EGF, epidermal growth factor ; HSP70, heat shock protein 70; MSC, mesenchymal stromal cell.

Table 5.

Top KEGG pathways regulated by top putative miR-27a-5p targets

Name	P value	Adj p value	Combined score
Regulation of actin cytoskeleton	0.00	0.02	15.46
Leucocyte transendothelial migration	0.00	0.03	12.13
Chemokine signalling pathway	0.00	0.05	10.91
Focal adhesion	0.00	0.05	10.34
Gap junction	0.00	0.05	9.99
Cytokine–cytokine receptor interaction	0.01	0.06	9.33
Platelet activation	0.01	0.07	8.4

miR-27a-5p and VAV3 are differentially regulated in primary human endothelial cells

Both miR-27a-5p and VAV3 target gene share 100% homology with their human orthologues (figure 2A). In HPMECs exposed to TNF, the expression of miR27a-5p is upregulated by increasing doses of TNF (10–40 ng/mL, figure 2B) and remains elevated up to 24 hours poststimulation (figure 2C). The expression of VAV3 gene (figure 2E) and protein (figure 2F) are downregulated 61% and 50%, respectively, in cells treated with TNF where the expression of miR-27a-5p and miR-27a-3p is increased (figure 2D). The expression of miR-27a-5p and miR-27a-3p is also increased by TNF in RAW 264.7 cells (murine macrophage cell line; online supplementary figure 1A) and human distal bronchial epithelial cells BEAS2b (online supplementary figure 1B). While the expression of both VAV3 and ACE1 decreased as per in silico predictions in HPMECs in response to TNF, FGF7 and EGFR increased (online supplementary figure 1B, C and online supplementary figure 2A). Protein expression of ACE1 decreased, while protein expression of EGFR and FGF7 (KGF) increased (online supplementary figure 1F, G), suggesting that in these cells these genes are not regulated as predicted.

Figure 2.

Expression of miR-27a-5p and its precursor in primary human pulmonary microvascular endothelial cells (HPMECs). (A) Sequence homology between human (hsa) and murine (mmu) miR-27a-5p. Real-time PCR relative change in the expression of miR-27a-5p in response to increasing doses (B) and time (C) of exposure to tumour necrosis factor (TNF). Bar graphs represent fold change (FC) over the sham control normalised to miR-191 (n=3). (D) Real-time PCR relative change in the expression of miR-27a-3p and miR-27a-5p in HPMECs following stimulation with TNF (10 ng/mL) for 24 hours (individual data presented and median and IQR, Mann-Whitney *p≤0.05; ****p≤0.0001) and western blot (F) and quantification (E) showing changes in VAV3 protein normalised to β-actin corresponding change in the expression of VAV3 gene (Mann-Whitney *p≤0.05). (G) Changes in the expression levels of the precursors for miR-27a, miR24-2 and miR-23 in HPMECs in response to TNF (10 ng/mL). (H) Changes in the expression of pre-miR-27a, pre-miR-24-1 and pre-miR-23 in mouse lung tissues in response to caecum ligation and puncture (CLP) (28 hours) or lipopolysaccharide (LPS) intratracheal instillation (10 mg/kg for 24 hours). Kolmogorov-Smirnov (K-S) test shows that data are normally distributed, and presented as means±SD normalised to miR-191 (*p≤0.05, analysis of variance, Tukey post hoc multiple comparisons correction). Ctrl, control.

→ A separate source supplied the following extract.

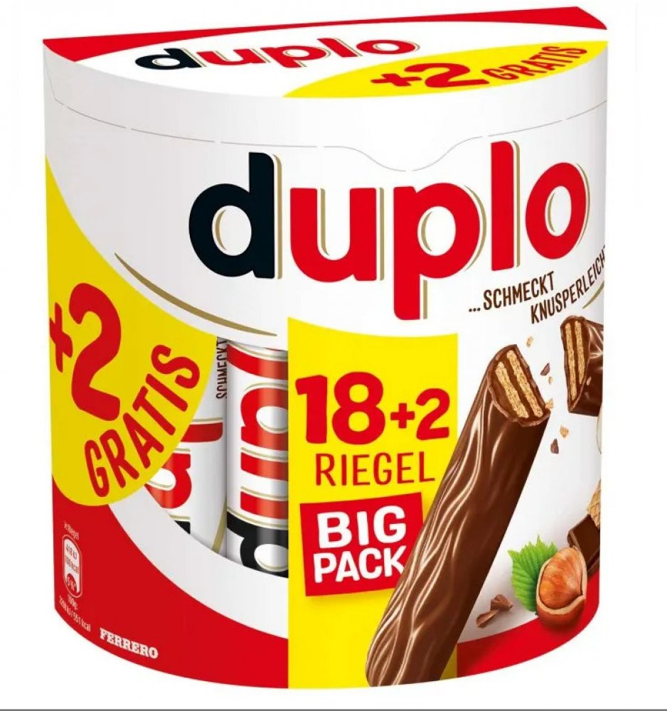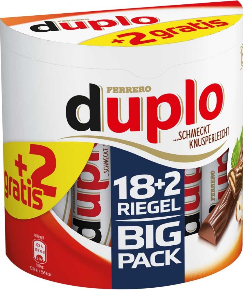 Mléčná čokoláda 49,5 % (cukr, kakaové máslo, sušené plnotučné mléko, kakaová hmota, emulgátor lecitin (sójový), vanilin), cukr, rostlinné tuky (palmový, bambucký), pšeničná mouka, lískové oříšky (5,5 %), kakao se sníženým obsahem tuku, sladká syrovátka, emulgátor lecitin (sója), syrovátka obohacená o bílkoviny, pšeničný škrob, sůl, vanilin, kypřící látka: hydrogenuhličitan sodný.
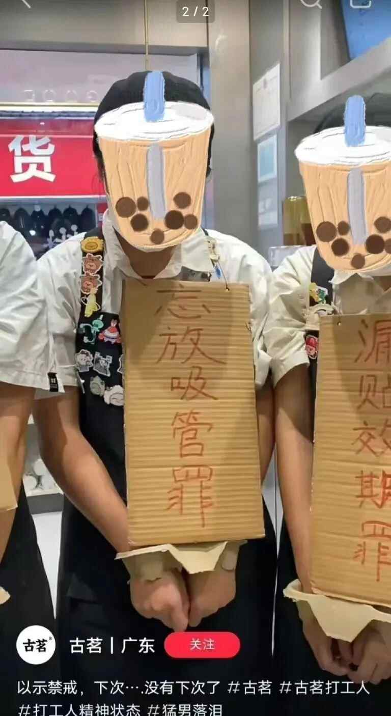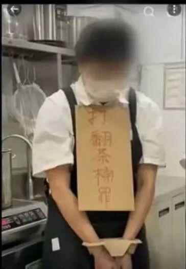 此前,网络流传的视频显示,奶茶店内,三名员工手上戴着“杯托镣铐”,脖子上挂着“谢罪牌”,牌子上写着“我有罪,不放吸管罪、不放坚果罪、不放盖子罪”“漏放吸管罪”“打翻茶桶罪”“漏贴(有)效期罪”等内容。

The mirna27a gene is located on chromosome 8 in mice and chromosome 19 in humans; it lives in a cluster that encodes in both species three distinct pre-miRNAs: miR-23a, miR-24–2 and miR-27a.¹⁹ Paired miRNA:mRNA analysis did not identify other members of the cluster as differentially regulated. Notwithstanding, we found miR-24a and miR-23 were both upregulated by exposure to TNF in HPMECs (figure 2G); only miRs-27a and miRs-24 levels were upregulated by CLP and LPS in murine lungs (figure 2H).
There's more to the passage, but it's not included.